■ **WHAT YOU SHOULD DO**: When the line containing "多摩区出身のプロレスラー・田" is found in the data below, copy it and each line after it through the line containing "The construction process", exactly and with no others.

■ **RECORDS FOR THIS EXERCISE**:

◇ ◇ ◇ ◇

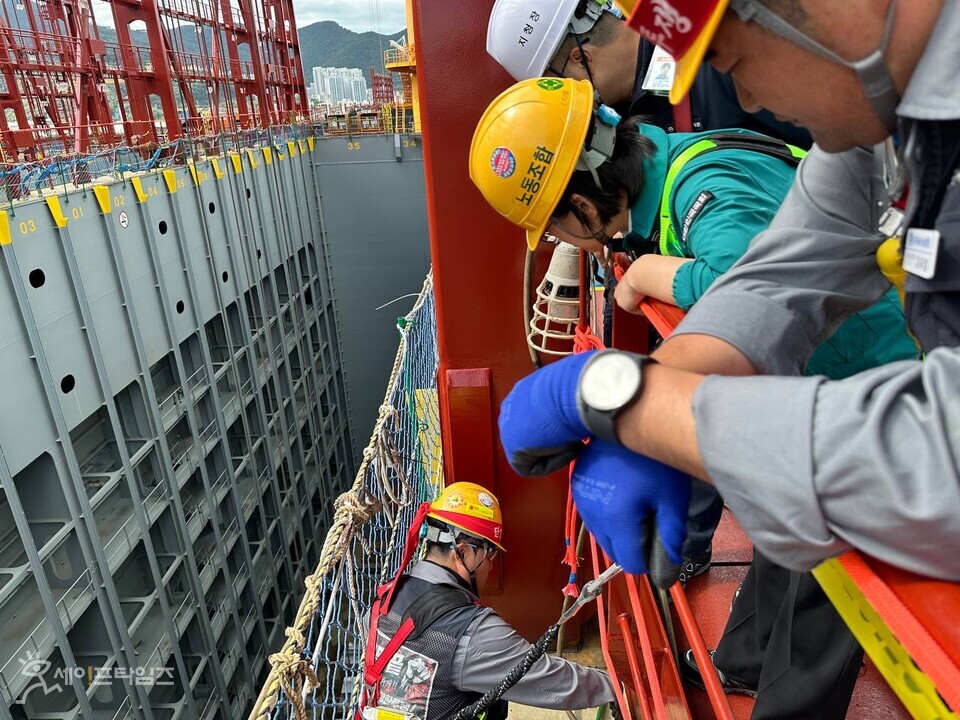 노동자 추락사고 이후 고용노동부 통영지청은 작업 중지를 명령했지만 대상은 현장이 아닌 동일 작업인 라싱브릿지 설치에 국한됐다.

◇ ◇ ◇ ◇

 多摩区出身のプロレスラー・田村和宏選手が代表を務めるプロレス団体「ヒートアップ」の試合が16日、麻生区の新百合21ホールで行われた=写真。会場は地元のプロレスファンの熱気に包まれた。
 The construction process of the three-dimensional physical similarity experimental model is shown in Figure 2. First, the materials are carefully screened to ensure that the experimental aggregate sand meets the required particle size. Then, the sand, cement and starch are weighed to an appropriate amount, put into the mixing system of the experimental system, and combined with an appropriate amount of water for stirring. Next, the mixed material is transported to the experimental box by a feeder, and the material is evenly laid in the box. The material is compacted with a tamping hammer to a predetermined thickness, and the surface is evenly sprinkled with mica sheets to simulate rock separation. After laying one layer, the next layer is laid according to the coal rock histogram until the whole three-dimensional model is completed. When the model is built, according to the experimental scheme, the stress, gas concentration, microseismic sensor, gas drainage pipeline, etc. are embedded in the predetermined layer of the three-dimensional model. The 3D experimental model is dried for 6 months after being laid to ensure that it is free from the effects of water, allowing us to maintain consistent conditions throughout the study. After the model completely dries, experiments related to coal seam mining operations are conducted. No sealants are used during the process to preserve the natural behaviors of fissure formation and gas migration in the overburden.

◇ ◇ ◇ ◇

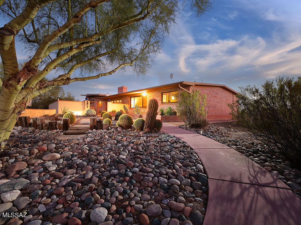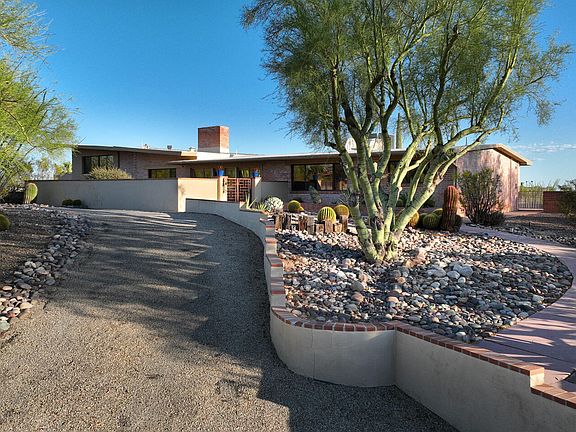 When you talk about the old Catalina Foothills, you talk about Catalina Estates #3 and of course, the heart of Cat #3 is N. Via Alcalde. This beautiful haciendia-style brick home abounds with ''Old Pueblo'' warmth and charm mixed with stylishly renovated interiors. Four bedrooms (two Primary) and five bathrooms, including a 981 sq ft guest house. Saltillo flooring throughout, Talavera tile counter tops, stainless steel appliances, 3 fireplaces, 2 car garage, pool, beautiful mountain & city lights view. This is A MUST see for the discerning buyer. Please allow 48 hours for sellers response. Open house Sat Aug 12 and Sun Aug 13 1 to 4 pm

◇ ◇ ◇ ◇

■ **ANSWER FOR THIS EXERCISE**:
 多摩区出身のプロレスラー・田村和宏選手が代表を務めるプロレス団体「ヒートアップ」の試合が16日、麻生区の新百合21ホールで行われた=写真。会場は地元のプロレスファンの熱気に包まれた。
 The construction process of the three-dimensional physical similarity experimental model is shown in Figure 2. First, the materials are carefully screened to ensure that the experimental aggregate sand meets the required particle size. Then, the sand, cement and starch are weighed to an appropriate amount, put into the mixing system of the experimental system, and combined with an appropriate amount of water for stirring. Next, the mixed material is transported to the experimental box by a feeder, and the material is evenly laid in the box. The material is compacted with a tamping hammer to a predetermined thickness, and the surface is evenly sprinkled with mica sheets to simulate rock separation. After laying one layer, the next layer is laid according to the coal rock histogram until the whole three-dimensional model is completed. When the model is built, according to the experimental scheme, the stress, gas concentration, microseismic sensor, gas drainage pipeline, etc. are embedded in the predetermined layer of the three-dimensional model. The 3D experimental model is dried for 6 months after being laid to ensure that it is free from the effects of water, allowing us to maintain consistent conditions throughout the study. After the model completely dries, experiments related to coal seam mining operations are conducted. No sealants are used during the process to preserve the natural behaviors of fissure formation and gas migration in the overburden.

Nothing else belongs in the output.